Illustrations were provided by members of the brotherhood. Every issue began with an original etching. William Holman Hunt provided an illustration to Woolner's poem My Beautiful Lady in the first issue. Collinson illustrated his own poem, The Child Jesus, in the second issue. Madox Brown created a two-page illustration of the King Lear and his daughters for the third issue, accompanying his article on the mechanics of a history painting. Walter Deverell depicted Viola and Olivia from Shakespeare's Twelfth Night in the last issue.

The Germ published poetry by William Michael Rossetti and other members of the Brotherhood including William Michael Rossetti's brother Dante Gabriel Rossetti, Thomas Woolner and James Collinson. Christina Rossetti also had her poetry published there. It also printed contributions of verse and essays on art and literature by associates of the Brotherhood including Ford Madox Brown and Coventry Patmore, as well as occasional book reviews.

==Title==
The title The Germ refers to the Pre-Raphaelite belief in the importance of nature (a germ is a seed) and of the human imagination, as implied by the phrase "the germ of an idea". They hoped that the magazine would be a seed from which new creative ideas would grow.
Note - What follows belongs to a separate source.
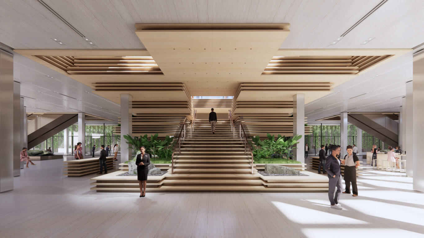 Highly innovative in its time, the architecture creates a strong sense of identity and is inspired by traditions of Korean architecture, which emphasizes the principles of layering as well as light and transparency through a connection to the outside. These principles are evident in the design of the exterior—including the quadruple-height glass atrium’s patterned facade—as well as the interior. Latticework inside the atrium, patterned floors, and lighting fixtures recall the traditional ornamentation of doors, called moon-chang-sal. Patterns applied to the walls, floors, and ceiling define a three-dimensional grid, creating a sense of stability and a clear framework for organizing the spaces within this unique atrium.

It was subtitled thoughts towards nature in art and literature to emphasise the editors' belief that poetry and art should be closely intertwined.
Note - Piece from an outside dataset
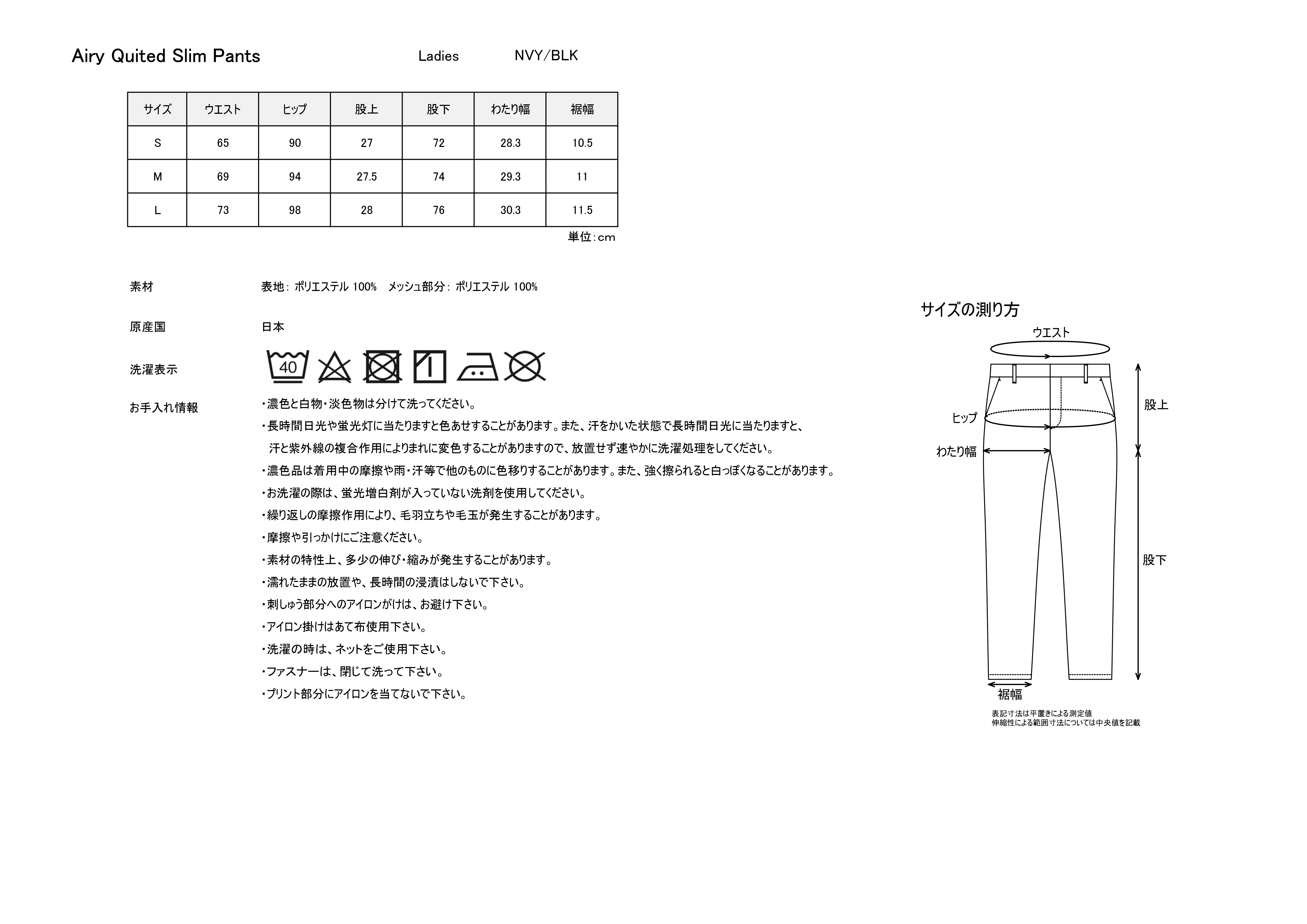 Airy Quilted Slim Pants (NVY/BLK/WHT)

In the hope of improving the magazine's poor sales, it was renamed with the less ambiguous title Art and Poetry, being Thoughts towards Nature, conducted principally by Artists for its final two issues. Each issue sold less than 100 copies and the magazine closed in May 1850.

==Editions==
The Germ was printed by Messrs. Tupper and Sons, a firm of lithographic and general printers in the City of London, who took a financial stake in the publication to try to ensure its success; the Tupper family had links to the Brotherhood through the sculptor John Lucas Tupper. Only 70 of the first issue of 700 copies were sold. The print run was reduced for the next edition, but sales did not pick up. George Tupper persuaded the group to carry on for two more issues, but ultimately bore the brunt of the financial losses.

A special limited edition (only 450 copies) of all four volumes of The Germ was published in 1898 on Van Gelder handmade paper, by Thomas B. Mosher, Portland, Maine, USA.

A facsimile edition of all four volumes plus "Preface" by W.M. Rossetti was published by Elliot Stock in 1901 and issued in a slipcase.